» **Problem statement**
Repeat each record exactly. Any picture gets left out.

#### Exercise data ####

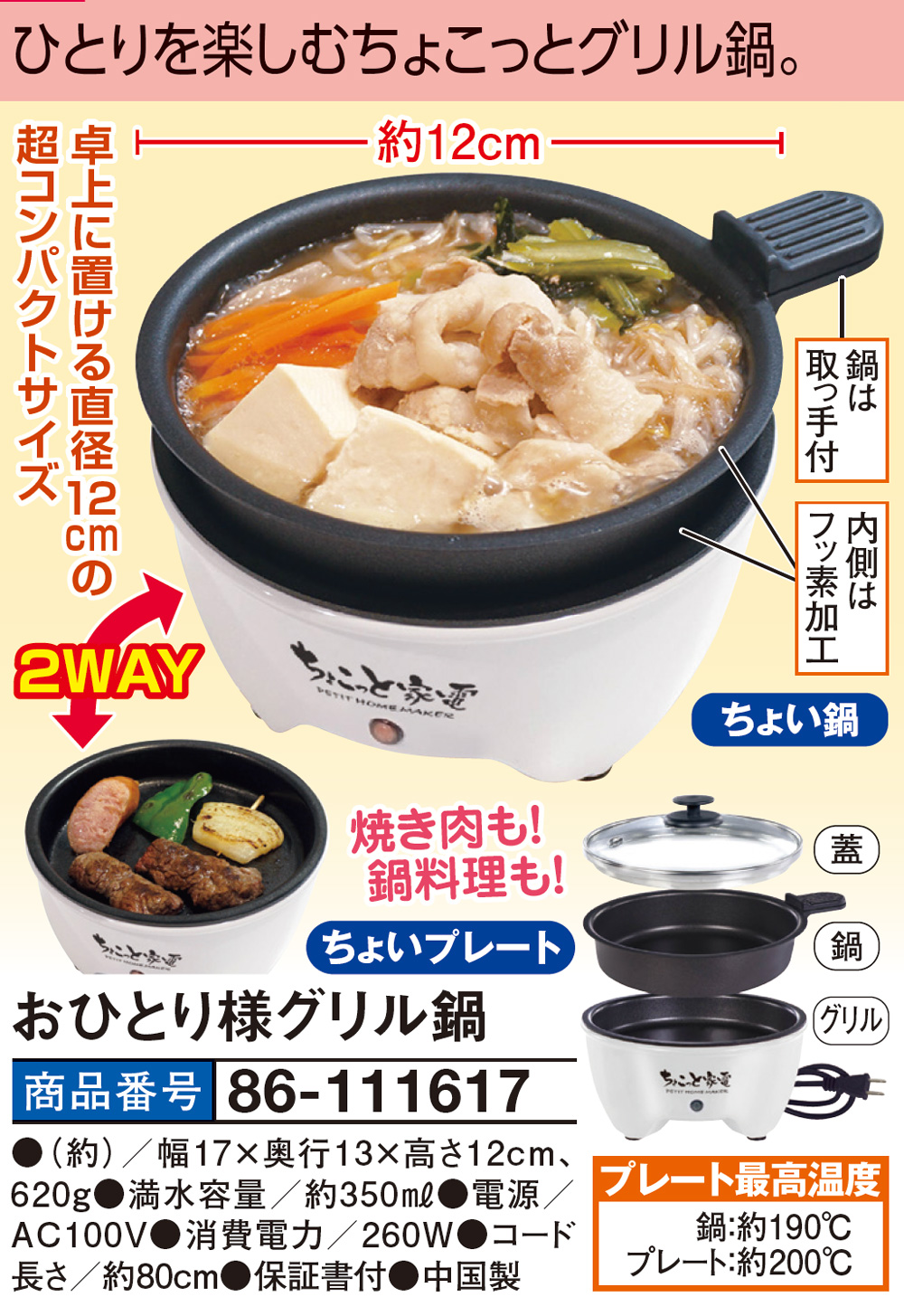 ひとりを楽むちょっとグリル鍋! 卓上に置ける直径12cmの超コンパクトサイズ 2WAY ●ちょいプレート ●ちょい鍋 焼き肉も!鍋料理も! 鍋は取っ手付 内側はフッ素加工 【プレート最高温度】 鍋:約190度 プレート:約200度
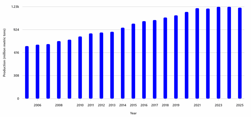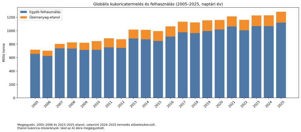 A termelési szint trendszerűen nőtt, voltak gyengébb évek az egyes régiókban a helyi időjárásnak köszönhetően, de a termelés nőtt, a kereslet fennmaradt. Az USA-ban 2000-ben a teljes kukoricatermelésnek csupán 6%-ából lett üzemanyagcélú etanol, 2005-ben már 15%, 2024-ben pedig legalább 38% és mindezt úgy, hogy az amerikai összkukorica termelés 20 év alatt drasztikusan emelkedett. A globális kukoricatermelés a 2005-ös 650 millió tonnáról gyakorlatilag megduplázott már 2023-ra, ami azt jelenti, hogy minden évben több kukoricát termel a világ pluszba 2005-höz képest, mint a kontinentális Európa (EU és a volt Szovjetunió európai területei) 5 év alatt összesen megtermel (!). Ez óriási szám és minden évben megtermeli a világ többletként a 20 évvel ezelőtti szinthez képest.
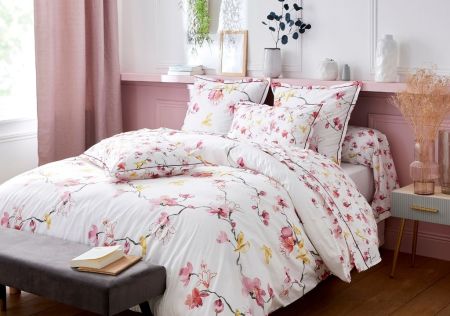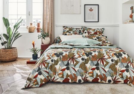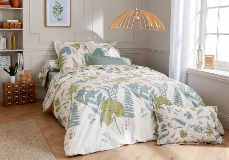Housse de couette Flora A partir de Découvrez le confort hôtelier à domicile avec la percale de coton, l'incontournable du linge de lit haut de gamme. Sa supériorité repose sur un tissage serré et régulier de 80fils/cm² garantissant une résistance exceptionnelle face au temps et aux lavages répétés.
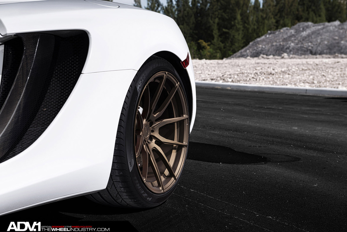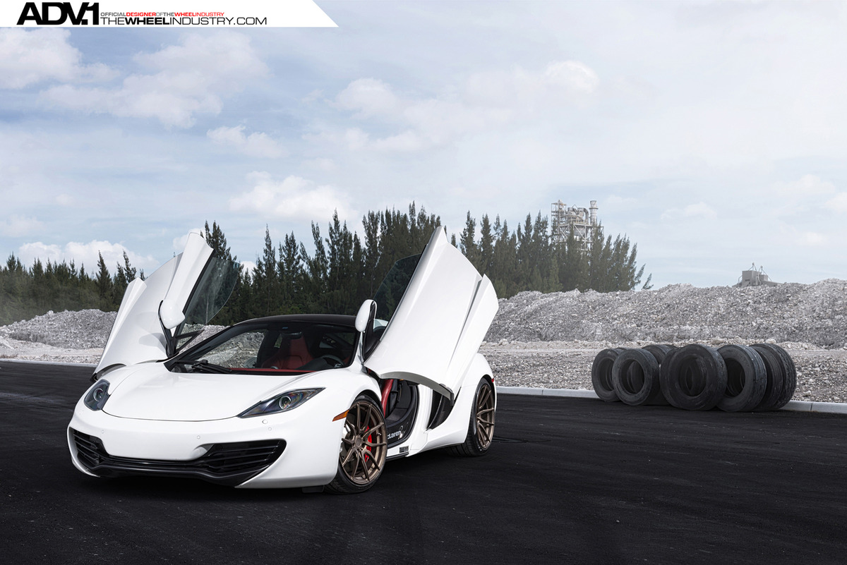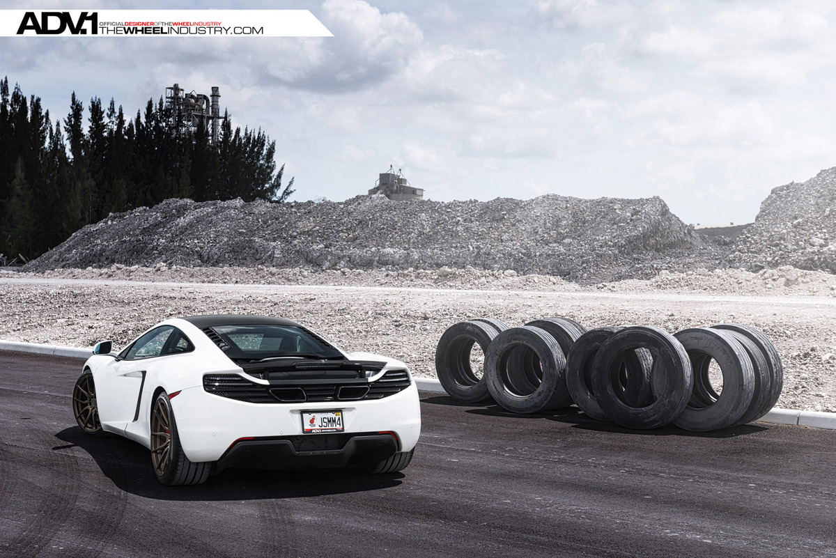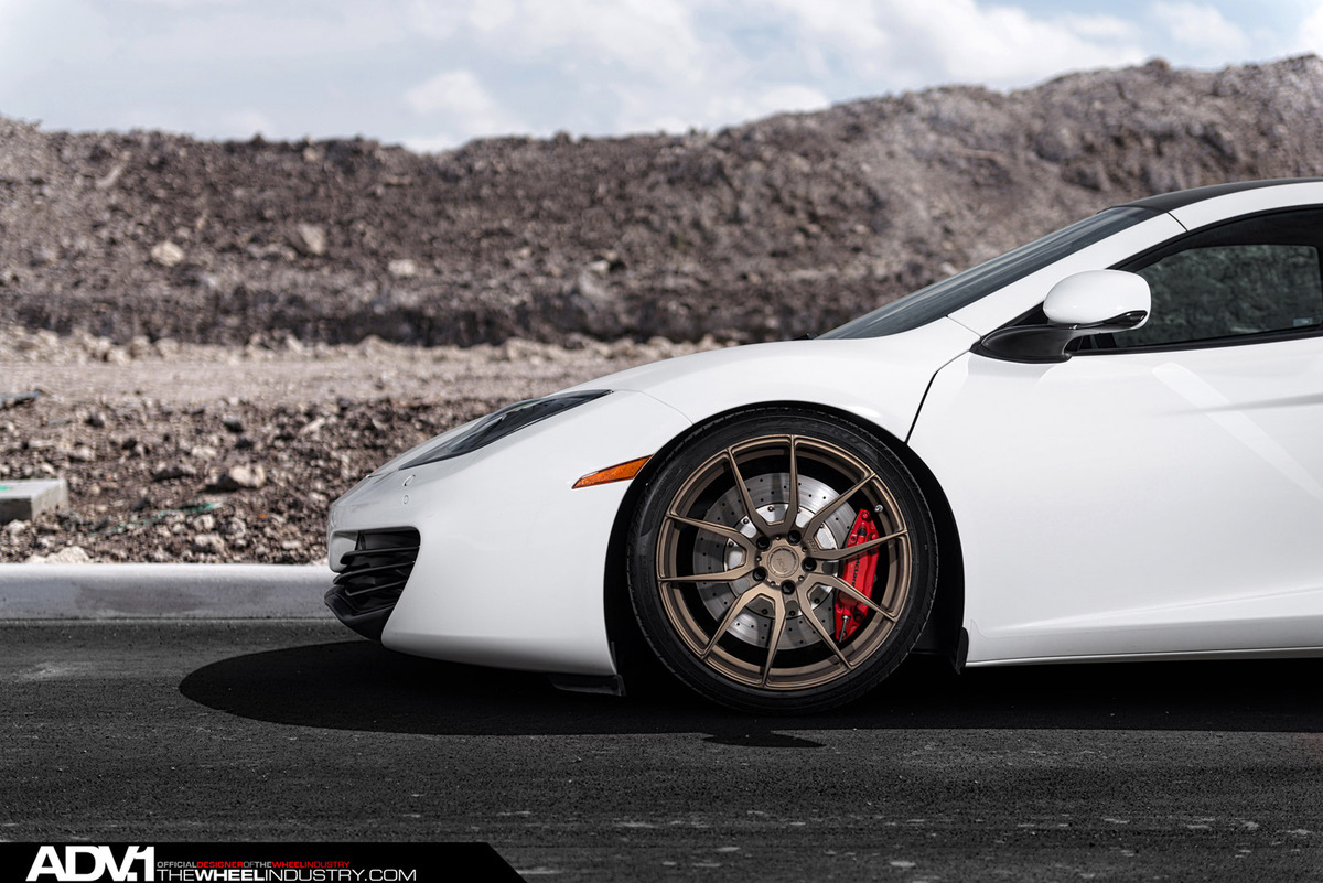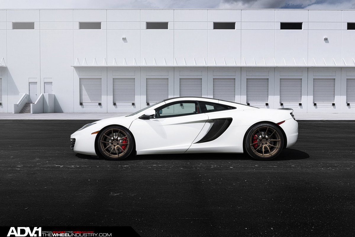 從性能的角度來看,新登場的McLaren 650S與12C其實沒有差別很多,要增加25HP馬力可能透過電腦程式調校便可達到,因此,簡單來說,650S可以說是改了車頭、多出數樣選配部品的12C。所以,現在持有McLaren 12C的朋友們無須太過沮喪,反而你們有了改裝愛車的動機,而且McLaren應當要感謝這類首批捧場的貴客們。今天帶給各位一部由輪圈品牌ADV.1 Wheels所提供的白色塗裝McLaren 12C,內裝採用局部紅色真皮配置,呼應紅色塗裝的煞車卡鉗,另外選用ADV.1 Wheels、型號ADV5.01 MV1 CS的輕量化古銅色輪圈,尺寸為前19x9.5J、後20x12J的前後配設定,讓整部車散發出濃烈的賽車氣息。
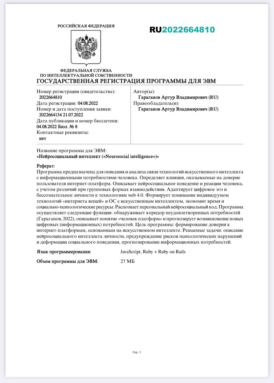 Авторские свидетельстваНЕЙРОСОЦИАЛЬНЫЙ ИНТЕЛЛЕКТ ДЛЯ ОПРЕДЕЛЕНИЯ ВОВЛЕЧЕННОСТИ В МЕДИАТРЕНДЫ И ДИАГНОСТИКИ СТЕПЕНИ ДОВЕРИЯ ИСКУССТВЕННОМУ ИНТЕЛЛЕКТУ. Автор: Гараганов А. В. RU2022613948, 3 марта 2022 г. Описание: Программа описывает зависимость медиаактивности и информационных потребностей человека, предназначена для мониторинга в различных коммуникативно-социальных средах, в том числе для замеров продолжительности следования за актуальным трендом, зависимость и вовлеченность. СИСТЕМА ОПРЕДЕЛЕНИЯ УРОВНЯ ДОВЕРИЯ ИСКУССТВЕННОМУ ИНТЕЛЛЕКТУ В ПРОСТРАНСТВЕ МЕТАВСЕЛЕННОЙ (A SYSTEM FOR DETERMINING THE LEVEL OF TRUST IN ARTIFICIAL INTELLIGENCE IN THE SPACE OF THE METAVERSE). Автор: Гараганов А. В. RU2022618526, 4 мая 2022 г. Описание: Программа предназначена для определения уровня доверия пользователей метавселенной к технологиям искусственного интеллекта. Определяет лояльность к продуктам и алгоритмам искусственного интеллекта, информирует об эффективности и безопасности использования ИИ, содействует научному обмену данными, устраняет риски непрозрачных решений ИИ в пространстве единой метаплатформы, мониторит доверие к СМИ, поддерживает обучение цифровым технологиям, анализирует информационные потребности личности и ее нейросоциальный интеллект. «НЕЙРОСОЦИАЛЬНЫЙ ИНТЕЛЛЕКТ („NEUROSOCIAL INTELLIGENCE“)». Автор: Гараганов А. В. RU2022664810, 21 июля 2022 г. Описание: Программа предназначена для описания и анализа связи технологий искусственного интеллекта с информационными потребностями человека. Определяет влияния, оказываемые на доверие пользователя интернет-платформ. Описывает нейросоциальное поведение и реакции человека с учетом различий при групповых формах взаимодействия. Адаптирует цифровое эго и бессознательное личности к технологиям web 4.0. Формирует понимание индивидуумом технологий «интернета вещей» и ОС с ИИ, экономит время и социально-психологические ресурсы. Распознает персональный нейросоциальный код. ПРОГРАММА СОЦИОЛОГИЧЕСКОГО ИССЛЕДОВАНИЯ ВЛИЯНИЯ ИНФОРМАЦИИ ИЗ СМИ НА ДОВЕРИЕ НАСЕЛЕНИЯ К ГОСУДАРСТВЕННЫМ ЦИФРОВЫМ ПЛАТФОРМАМ. (SOCIOLOGICAL STUDY OF THE IMPACT OF INFORMATION FROM THE MEDIA ON PUBLIC TRUST IN GOVERNMENT DIGITAL PLATFORMS). Автор: Гараганов А. В. RU2022680646, 27 октября 2022 г. Описание: Программа предназначена для исследования и анализа влияния средств массовой информации (интернет, телевидение, радио, печать, социальные сети, мессенджеры) на доверие населения к цифровым платформам. Программа позволяет замерять ведущий информационный канал получения информации для разных слоев населения, описывать субъективные факторы культуры доверия и недоверия в технологической сфере, определять отношение пользователей к цифровизации и ИИ. Программа анализирует регулярное взаимодействие пользователей с информационными системами как составными элементами цифровых онлайн-платформ, основанных на ИИ, учитывает нейросоциальный интеллект участников исследования. АВТОМАТИЗАЦИЯ ОБРАЗОВАТЕЛЬНОГО ПРОЦЕССА ДЛЯ РАЗВИТИЯ ЦИФРОВЫХ КОМПЕТЕНЦИЙ ПРЕПОДАВАТЕЛЕЙ И УДОВЛЕТВОРЕНИЯ ИНФОРМАЦИОННЫХ ПОТРЕБНОСТЕЙ СТУДЕНЧЕСКОЙ МОЛОДЕЖИ. Авторы: Гараганов А. В., Канюк А. С. 2023614547, 2 марта 2023 г. Описание: Программа создана с целью повышения эффективности реализации образовательных программ высшего и ДПО посредством внедрения психолого-педагогического сопровождения образовательного процесса и психологического просвещения его субъект
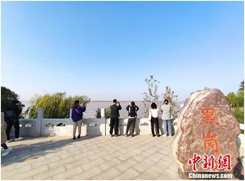 中新网开封10月14日电 (记者 张尼 吉翔 陈海峰 上官云 阚力)凭栏远眺,滔滔黄河水尽收眼底,两岸绿荫环抱,郁郁葱葱……在黑岗口黄河河势观测台上,展现在眼前的是一幅壮阔的自然画卷。
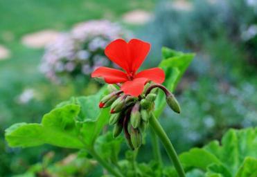 Keywords: geranium flower bloom red bright foliage green stem garden red splash
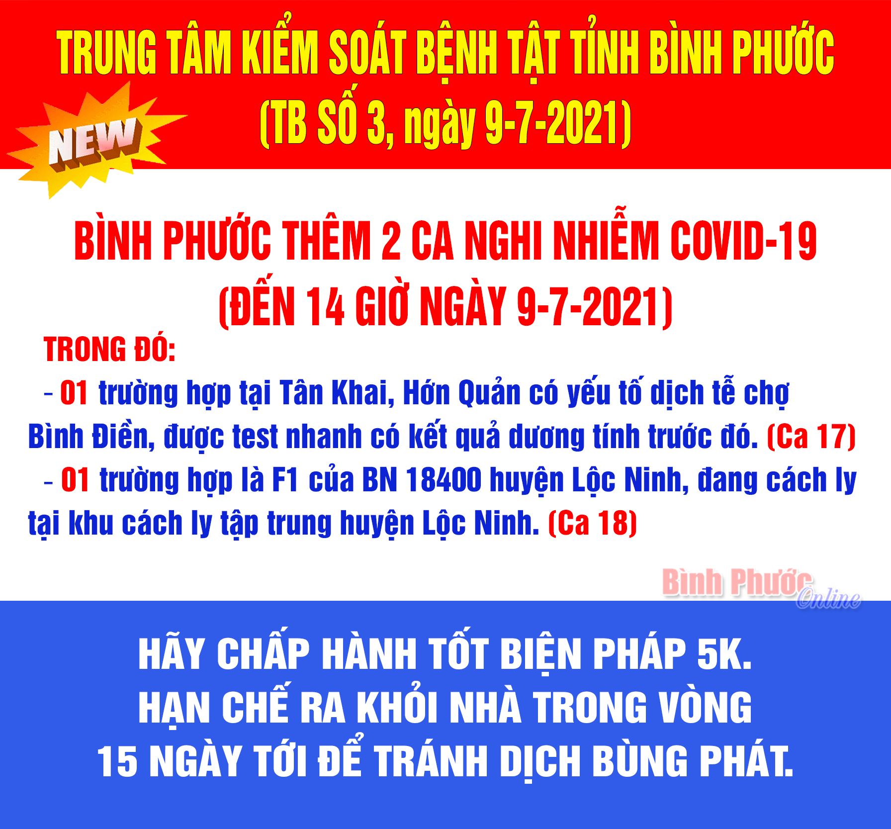 * Khu vực 3 chợ Tân Khai, Đồng Nơ, Hớn Quản: từ 2-7 đến ngày 5-7-2021.

####

» **Result**
 ひとりを楽むちょっとグリル鍋! 卓上に置ける直径12cmの超コンパクトサイズ 2WAY ●ちょいプレート ●ちょい鍋 焼き肉も!鍋料理も! 鍋は取っ手付 内側はフッ素加工 【プレート最高温度】 鍋:約190度 プレート:約200度
 A termelési szint trendszerűen nőtt, voltak gyengébb évek az egyes régiókban a helyi időjárásnak köszönhetően, de a termelés nőtt, a kereslet fennmaradt. Az USA-ban 2000-ben a teljes kukoricatermelésnek csupán 6%-ából lett üzemanyagcélú etanol, 2005-ben már 15%, 2024-ben pedig legalább 38% és mindezt úgy, hogy az amerikai összkukorica termelés 20 év alatt drasztikusan emelkedett. A globális kukoricatermelés a 2005-ös 650 millió tonnáról gyakorlatilag megduplázott már 2023-ra, ami azt jelenti, hogy minden évben több kukoricát termel a világ pluszba 2005-höz képest, mint a kontinentális Európa (EU és a volt Szovjetunió európai területei) 5 év alatt összesen megtermel (!). Ez óriási szám és minden évben megtermeli a világ többletként a 20 évvel ezelőtti szinthez képest.
Housse de couette Flora A partir de Découvrez le confort hôtelier à domicile avec la percale de coton, l'incontournable du linge de lit haut de gamme. Sa supériorité repose sur un tissage serré et régulier de 80fils/cm² garantissant une résistance exceptionnelle face au temps et aux lavages répétés.
 從性能的角度來看,新登場的McLaren 650S與12C其實沒有差別很多,要增加25HP馬力可能透過電腦程式調校便可達到,因此,簡單來說,650S可以說是改了車頭、多出數樣選配部品的12C。所以,現在持有McLaren 12C的朋友們無須太過沮喪,反而你們有了改裝愛車的動機,而且McLaren應當要感謝這類首批捧場的貴客們。今天帶給各位一部由輪圈品牌ADV.1 Wheels所提供的白色塗裝McLaren 12C,內裝採用局部紅色真皮配置,呼應紅色塗裝的煞車卡鉗,另外選用ADV.1 Wheels、型號ADV5.01 MV1 CS的輕量化古銅色輪圈,尺寸為前19x9.5J、後20x12J的前後配設定,讓整部車散發出濃烈的賽車氣息。
 Авторские свидетельстваНЕЙРОСОЦИАЛЬНЫЙ ИНТЕЛЛЕКТ ДЛЯ ОПРЕДЕЛЕНИЯ ВОВЛЕЧЕННОСТИ В МЕДИАТРЕНДЫ И ДИАГНОСТИКИ СТЕПЕНИ ДОВЕРИЯ ИСКУССТВЕННОМУ ИНТЕЛЛЕКТУ. Автор: Гараганов А. В. RU2022613948, 3 марта 2022 г. Описание: Программа описывает зависимость медиаактивности и информационных потребностей человека, предназначена для мониторинга в различных коммуникативно-социальных средах, в том числе для замеров продолжительности следования за актуальным трендом, зависимость и вовлеченность. СИСТЕМА ОПРЕДЕЛЕНИЯ УРОВНЯ ДОВЕРИЯ ИСКУССТВЕННОМУ ИНТЕЛЛЕКТУ В ПРОСТРАНСТВЕ МЕТАВСЕЛЕННОЙ (A SYSTEM FOR DETERMINING THE LEVEL OF TRUST IN ARTIFICIAL INTELLIGENCE IN THE SPACE OF THE METAVERSE). Автор: Гараганов А. В. RU2022618526, 4 мая 2022 г. Описание: Программа предназначена для определения уровня доверия пользователей метавселенной к технологиям искусственного интеллекта. Определяет лояльность к продуктам и алгоритмам искусственного интеллекта, информирует об эффективности и безопасности использования ИИ, содействует научному обмену данными, устраняет риски непрозрачных решений ИИ в пространстве единой метаплатформы, мониторит доверие к СМИ, поддерживает обучение цифровым технологиям, анализирует информационные потребности личности и ее нейросоциальный интеллект. «НЕЙРОСОЦИАЛЬНЫЙ ИНТЕЛЛЕКТ („NEUROSOCIAL INTELLIGENCE“)». Автор: Гараганов А. В. RU2022664810, 21 июля 2022 г. Описание: Программа предназначена для описания и анализа связи технологий искусственного интеллекта с информационными потребностями человека. Определяет влияния, оказываемые на доверие пользователя интернет-платформ. Описывает нейросоциальное поведение и реакции человека с учетом различий при групповых формах взаимодействия. Адаптирует цифровое эго и бессознательное личности к технологиям web 4.0. Формирует понимание индивидуумом технологий «интернета вещей» и ОС с ИИ, экономит время и социально-психологические ресурсы. Распознает персональный нейросоциальный код. ПРОГРАММА СОЦИОЛОГИЧЕСКОГО ИССЛЕДОВАНИЯ ВЛИЯНИЯ ИНФОРМАЦИИ ИЗ СМИ НА ДОВЕРИЕ НАСЕЛЕНИЯ К ГОСУДАРСТВЕННЫМ ЦИФРОВЫМ ПЛАТФОРМАМ. (SOCIOLOGICAL STUDY OF THE IMPACT OF INFORMATION FROM THE MEDIA ON PUBLIC TRUST IN GOVERNMENT DIGITAL PLATFORMS). Автор: Гараганов А. В. RU2022680646, 27 октября 2022 г. Описание: Программа предназначена для исследования и анализа влияния средств массовой информации (интернет, телевидение, радио, печать, социальные сети, мессенджеры) на доверие населения к цифровым платформам. Программа позволяет замерять ведущий информационный канал получения информации для разных слоев населения, описывать субъективные факторы культуры доверия и недоверия в технологической сфере, определять отношение пользователей к цифровизации и ИИ. Программа анализирует регулярное взаимодействие пользователей с информационными системами как составными элементами цифровых онлайн-платформ, основанных на ИИ, учитывает нейросоциальный интеллект участников исследования. АВТОМАТИЗАЦИЯ ОБРАЗОВАТЕЛЬНОГО ПРОЦЕССА ДЛЯ РАЗВИТИЯ ЦИФРОВЫХ КОМПЕТЕНЦИЙ ПРЕПОДАВАТЕЛЕЙ И УДОВЛЕТВОРЕНИЯ ИНФОРМАЦИОННЫХ ПОТРЕБНОСТЕЙ СТУДЕНЧЕСКОЙ МОЛОДЕЖИ. Авторы: Гараганов А. В., Канюк А. С. 2023614547, 2 марта 2023 г. Описание: Программа создана с целью повышения эффективности реализации образовательных программ высшего и ДПО посредством внедрения психолого-педагогического сопровождения образовательного процесса и психологического просвещения его субъект
 中新网开封10月14日电 (记者 张尼 吉翔 陈海峰 上官云 阚力)凭栏远眺,滔滔黄河水尽收眼底,两岸绿荫环抱,郁郁葱葱……在黑岗口黄河河势观测台上,展现在眼前的是一幅壮阔的自然画卷。
 Keywords: geranium flower bloom red bright foliage green stem garden red splash
 * Khu vực 3 chợ Tân Khai, Đồng Nơ, Hớn Quản: từ 2-7 đến ngày 5-7-2021.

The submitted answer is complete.